Genome Assembly: from reads to contigs, scaffolds, and validation
Assembly is the art of reconstructing longer sequences from shorter reads. It is tempting to celebrate contiguity metrics, but a "better" assembly is only better if it is also biologically plausible, clean, and well validated.
Assembly strategies
Strategy
Best when
Main challenge
Short-read de novo
Small genomes, limited budget
Repeats collapse easily
Long-read assembly
Structural resolution and repeat-rich genomes matter
Raw error rate may require polishing
Hybrid assembly
You want long-range contiguity and short-read polishing
Managing multiple error models and file types
Metrics that actually matter
Metric
What it tells you
N50
Contiguity only; not correctness
L50
How many contigs make up half the assembly
Completeness
Whether expected conserved content is present
Contamination
Whether foreign sequence is mixed in
Read back-mapping
Whether the assembly is supported by the original reads
A very high N50 with poor completeness or contamination issues is not a good assembly.
Interactive assembly graph explorer
Click a concept to see what assemblers are trying to resolve when repeats, bubbles, and coverage patterns compete with one another.
Reads: the assembly only knows what was sequenced
Coverage depth, fragment length, read accuracy, and contamination all shape the graph before any algorithmic magic happens.
Low coverage creates fragmentation
Mixed samples or contamination create misleading branches
k-mers: assemblies infer connectivity from overlapping sequence words
Short-read assemblers often use de Bruijn graphs. The choice of k affects repeat resolution, memory use, and sensitivity to sequencing errors.
Too small k merges unrelated sequence too easily
Too large k fragments low-coverage regions
Repeats: the main reason contigs break or collapse
When two genomic regions look the same to the data, the graph can join them incorrectly or fail to separate them. Long reads are often valuable here because they span repeats.

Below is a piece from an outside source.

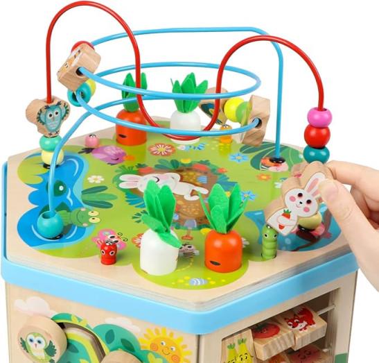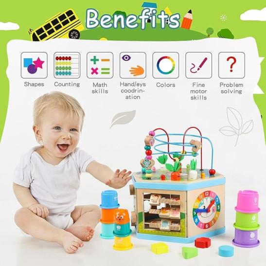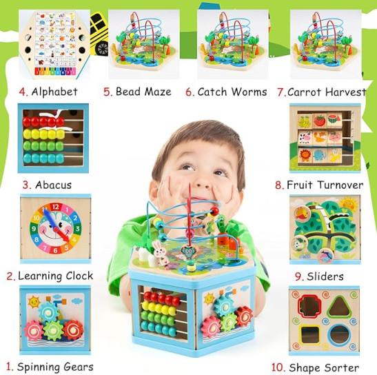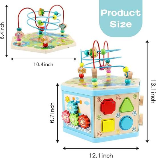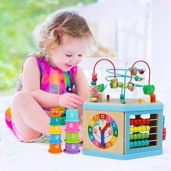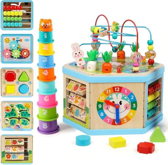 Jacootoys 7-in-1 Wooden Activity Cube for Kids

Collapsed repeats inflate apparent coverage
Repeat resolution often requires long-range information
Bubbles: not every branch is an error
A bubble can represent sequencing error, heterozygosity, or strain variation. Assemblers need heuristics to decide which branches to keep or collapse.
Error bubbles are usually low support and short
Biological variation can create real alternative paths
Contigs and polishing: assembly is not done when the graph is traversed
After contigs are produced, polishing, contamination screening, and completeness assessment are essential. Otherwise highly contiguous output may still be wrong.
Use read back-mapping to confirm support
Validate with BUSCO, contamination checks, and manual inspection
k-mer spectrum (example)
Multiple peaks can reflect heterozygosity, repeats, contamination, or mixed ploidy assumptions.
Cumulative contig curve (example)
This view helps you see whether assembly size is dominated by a few long contigs or many short fragments.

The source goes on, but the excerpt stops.